The biggest disruptors to the ASC industry

ASCs around the country are facing two major care disruptors: Rising labor costs and anesthesia provider shortages. 

Here's a breakdown of these disruptions:

Labor costs

High labor costs are affecting ASCs' ability to staff their centers. 

The percentage of healthcare providers with an internal minimum wage of more than $15 per hour went from 15.6% to 29.1% from 2022 to 2023, according to a recent survey from consulting firm SullivanCotter.

"The increase in wages necessary to retain and recruit to skilled professional positions continues to well outpace any real or even projected rise in reimbursements," Thomas Feldman, CEO of Peoria, Ill.-based Center for Health ASC, told Becker's.  

In the last year, 56% of ASCs have seen an increase in volume, but 68% of facilities are still having a more difficult time recruiting experienced operating room nurses, according to a survey from ORManager.

"Many nurses that could retire during COVID-19 did and others left the field or took jobs that can be done remotely," Karen Sumida, RN, interim administrator of Surgery Center of Athens (Texas), told Becker's. "Applicants for both positions are requiring higher salaries, and with the ASC industry getting lower reimbursements than hospitals, we cannot compete with the rising salaries."

ASCs are looking for creative solutions, such as a four-day workweek and predictable hours, to recruit staff without breaking the bank. 

Anesthesia provider shortage

Finding a reliable and affordable anesthesia strategy is affecting ASCs in most markets. 

"Today's shortage of anesthesia providers has been compounding for years and has turned into an incredible challenge for all," Andrew Lovewell, CEO of Columbia (Mo.) Orthopaedic Group, told Becker's. "Not only is it difficult to find anesthesia coverage, finding coverage that understands and embraces the priorities and workflow of an ASC is seemingly impossible."

More than 2,872 anesthesiologists left the workforce from 2021 to 2022, according to a report from Definitive Healthcare. 

Facilities with lower utilization are at the most risk for disruption, according to Kris Mineau, CEO and co-founder of Avon, Conn.-based Constitution Surgery Alliance. 

"Even the busiest ASCs in certain markets may be subject to schedule compression or anesthesia subsidies in the near term," he told Becker's. "In the longer term, they must pressure payers to bear some of the burden and hope the anesthesia provider market better meets the demand."

In terms of keeping providers around, stipends are used as a way for ASCs to retain anesthesia providers as the shortage continues.

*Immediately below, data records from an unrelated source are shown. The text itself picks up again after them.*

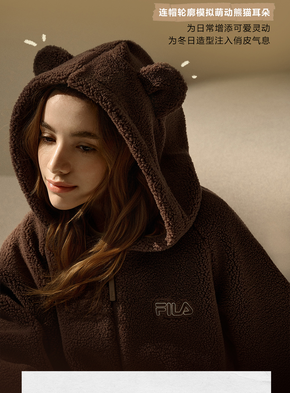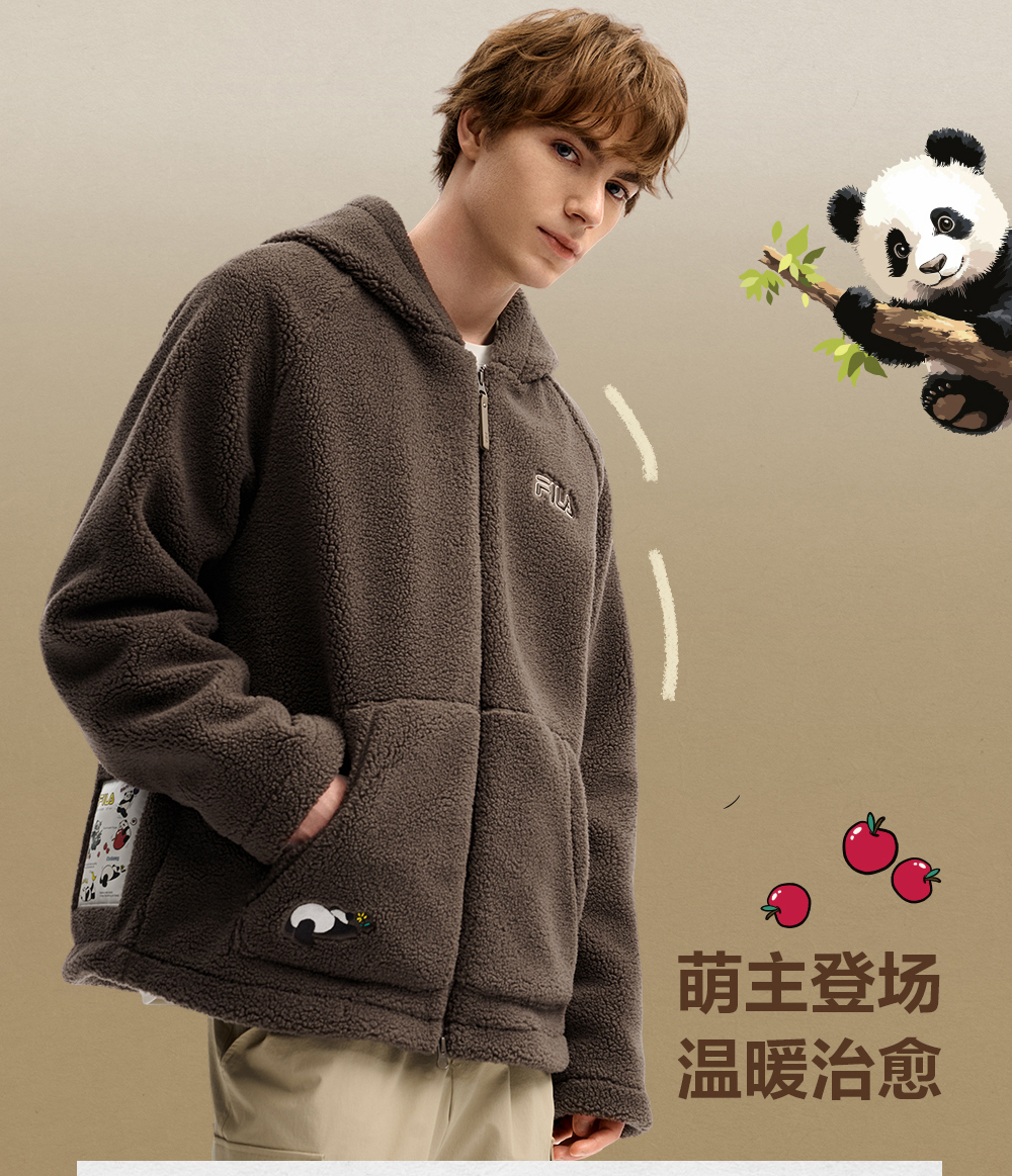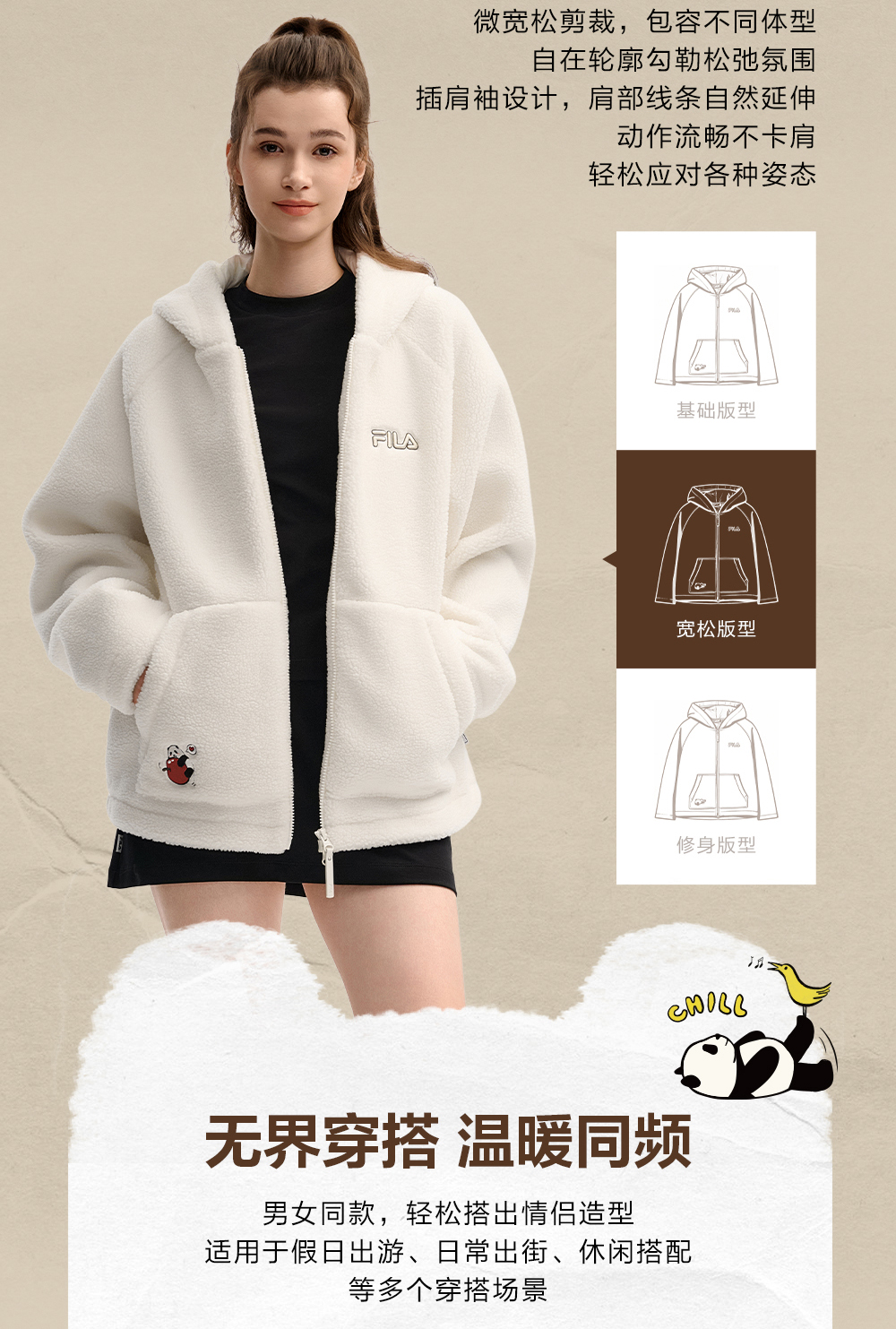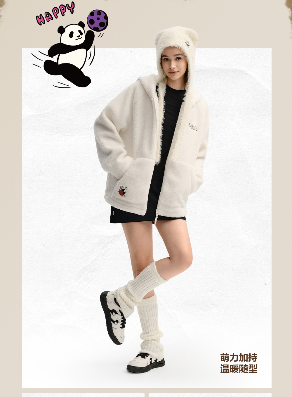 Fila Official Couple Knitted Hooded Jacket 25 Winter New Panda Faux Shearling Warm Casual Top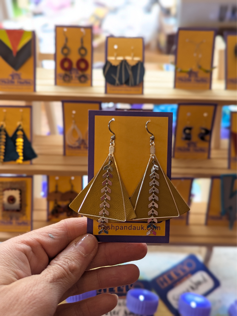 Each pair is cut by hand from genuine leather offcuts, rescued from the sofa industry and given a new life as statement-making jewellery. The triangle frames and chevron links add movement and shine, catching the light with every turn of your head.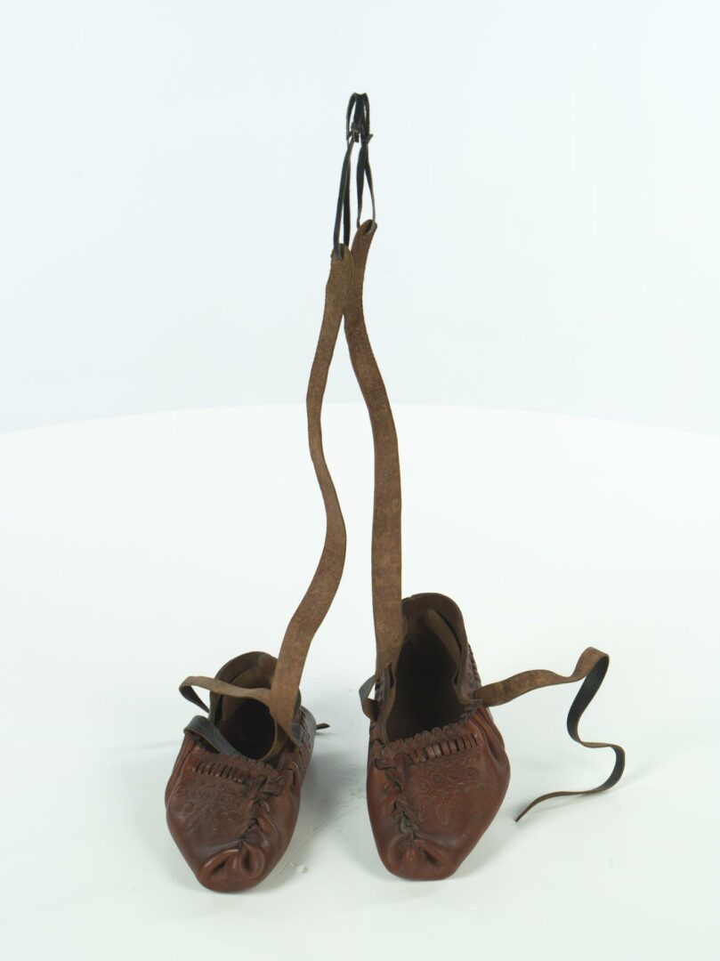 Pár mužských krpcov šitých z jednoho kusu kože, zošité na pätovej časti a na palcovej časti priehlavku koženým pásikom, na hornej časti priehlavku vytláčaný dekor s rastlinným motívom listov a rozetiek.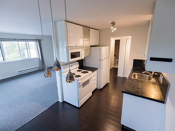 Spacious top floor corner unit with views of Green Lake, Cascades and Mt. Rainier. Bright natural light in living spaces. Tastefully updated kitchen with chic white cabinets and slate countertops. Tweed carpet and durable espresso laminate flooring. Insulated Hunter Douglas blinds throughout along with newer sliding closet doors. Deck off of living room. Ample additional storage in basement and deeded parking included. No rental cap. Two pet limit under 35 lbs. Enjoy the city life at an affordable price.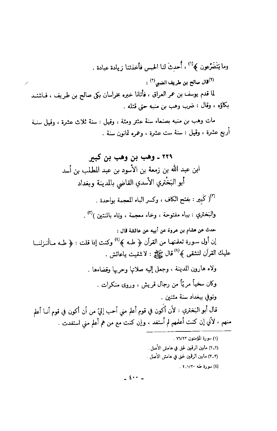 حدث عن هشام بن عروة عن أبيه عن عائشة قال: إن أول سورة تعلمتها من القرآن " طه " وكنت إذا قلت: " طه ما أنزلنا عليك القرآن لتشقى " قال صَلَّى اللهُ عَلَيْهِ وَسَلَّمَ: لا شقيت يا عائش.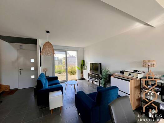 Cette maison de plain pied (2019) est fonctionnelle et située dans un jardin clos de 600m2 . Elle se compose d'une pièce de vie de 36 m2 lumineuse, cuisine semi ouverte de 13 m2 ,cellier , un vaste e...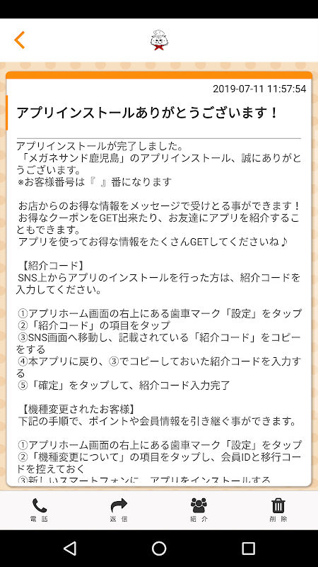 メガネサンドのアプリをSNSを通じてお友達に紹介する事ができます。
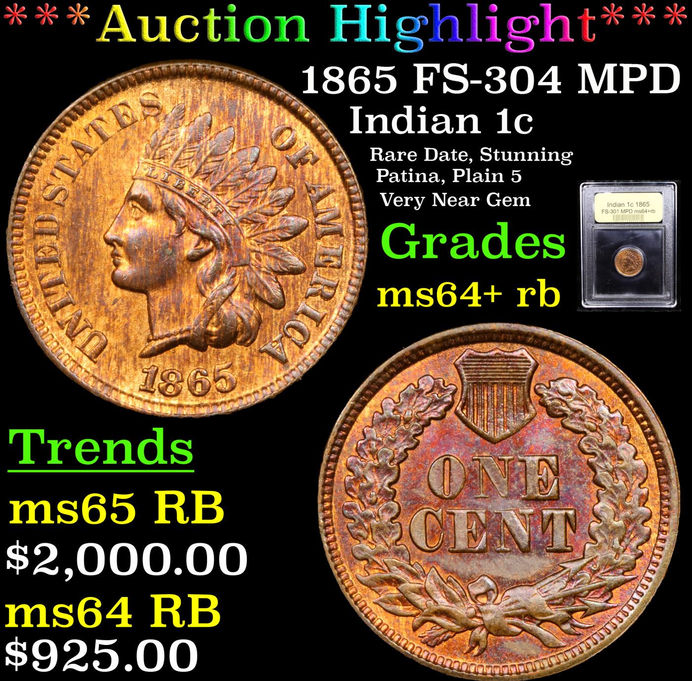 ***Auction Highlight*** 1865 FS-304 MPD Indian Cent 1c Graded Choice+ Unc RB By USCG (fc)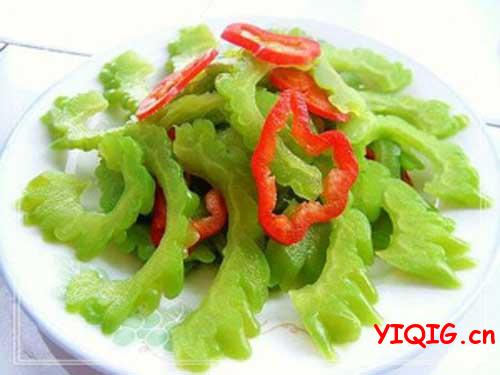 做法:1、把苦瓜去瓤后切成小条,在开水中烫一下入凉开水浸凉后捞出,控去水(一起过www.yiqig.cn)。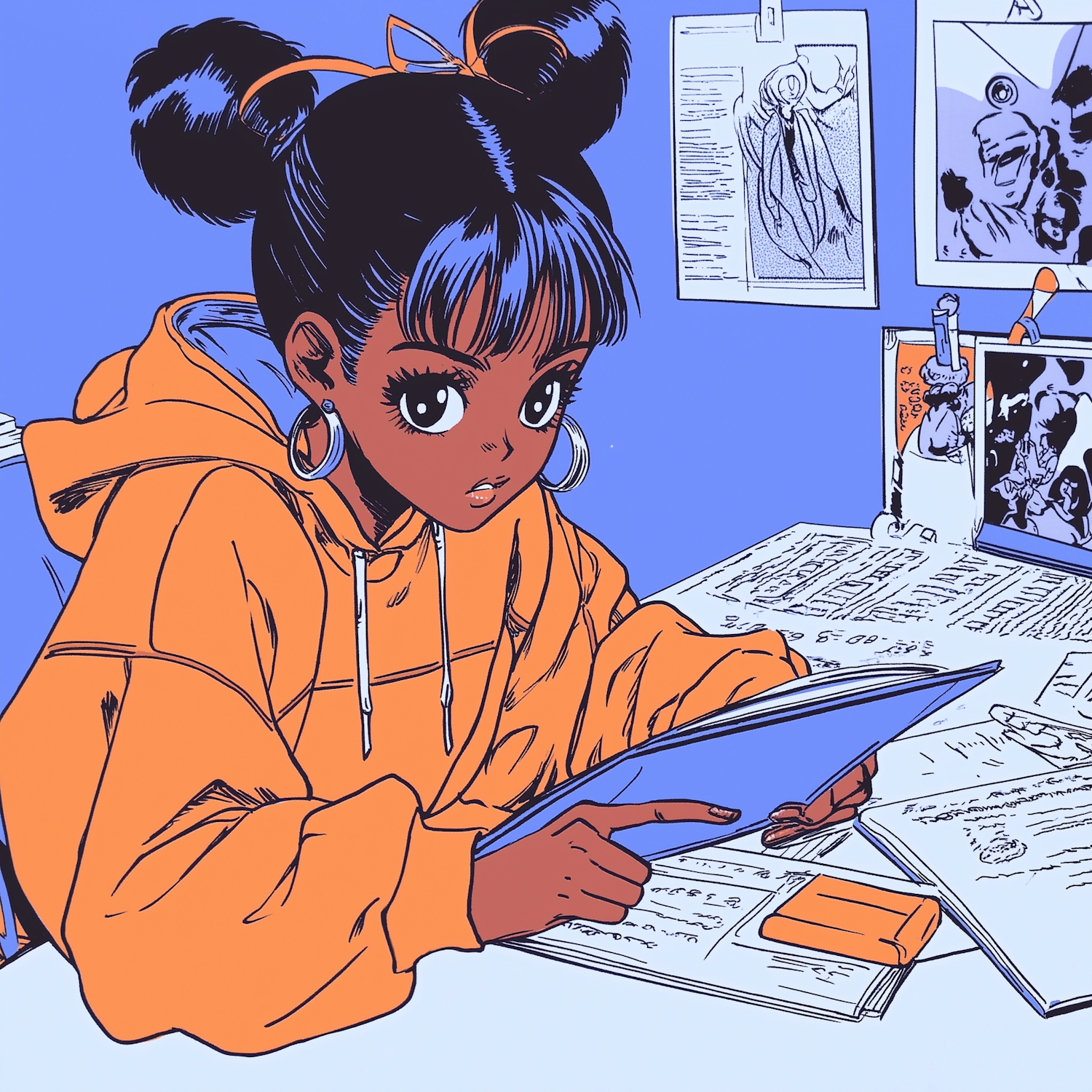 Anime-style illustration of a young girl in an orange hoodie, studying at a cluttered desk with sketches and notes on the wall.

But many ASCs can't afford these stipends, adding a further obstacle to care. 

"The request for stipends poses a difficult position for ASCs as they continue to look for ways to operate the business with less. ASCs will find creative ways/new models to provide the same safe/quality of care while keeping the financial impact low," Joyce White, RN, facility administrator of the Wichita, Kan.-based Cypress Surgery Center, told Becker's. "Certified registered nurse anesthetist models have been used for years and are now being looked to in a broader region as they are more affordable while providing the same quality and safety to patients in ASC settings."

Other ASCs are employing their own anesthesia groups to keep up with procedures, and in some cases, avoid shutdowns.